One important way to address this problem and successfully increase the role of the
finance function is to free financial staff from manual data-collecting. Such a move would
provide easy access to financial data and minimize manual adjustments to data-management
maintenance functions that currently take up much of their time. Accounting records and other
related processes can be equally as important.

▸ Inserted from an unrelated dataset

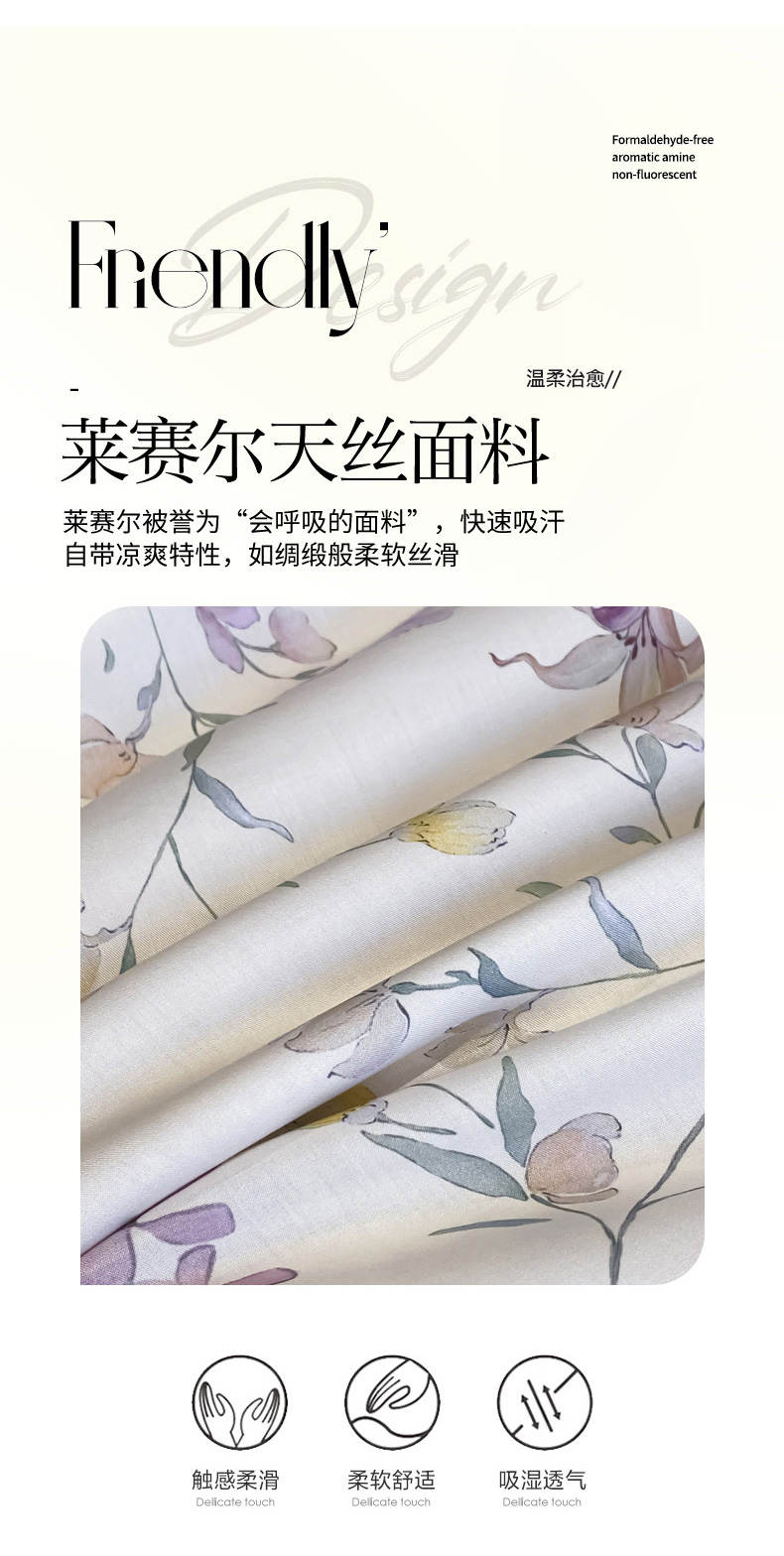 商品名称:慕尚家纺 2026春夏新款莱赛尔天丝夏被夏凉被空调被夏被四件套 花亦语

Studies have shown that financial professionals spend 80 percent of their time collecting
and managing data, and only 20 percent studying and analyzing specific trends and opportunities
that could help the business grow (ArkiData Corporation p. 3). Finance is a high-cost function
so it doesn't make much sense to spend large amounts of money to employ data clerks and data
managers.
Some Finance Departments are using desktop productivity tools such as MS-Excel &
Lotus Notes spreadsheets to generate the information required by decision-makers. The problem
with this approach is that it involves manual re-keying of data from general ledger and other
corporate databases. Not only is data integrity compromised, but people also spend most of their
time on what are administrative and clerical tasks, rather than providing value-added analysis of
important financial and non-financial information. Desktop generated spreadsheets also are
inflexible and difficult to manage, particularly if there are major changes to the original data
6
required or if the assumptions used to generate the spreadsheet change.
Most of these
modifications have to be entered manually, which can be very time-consuming and costly.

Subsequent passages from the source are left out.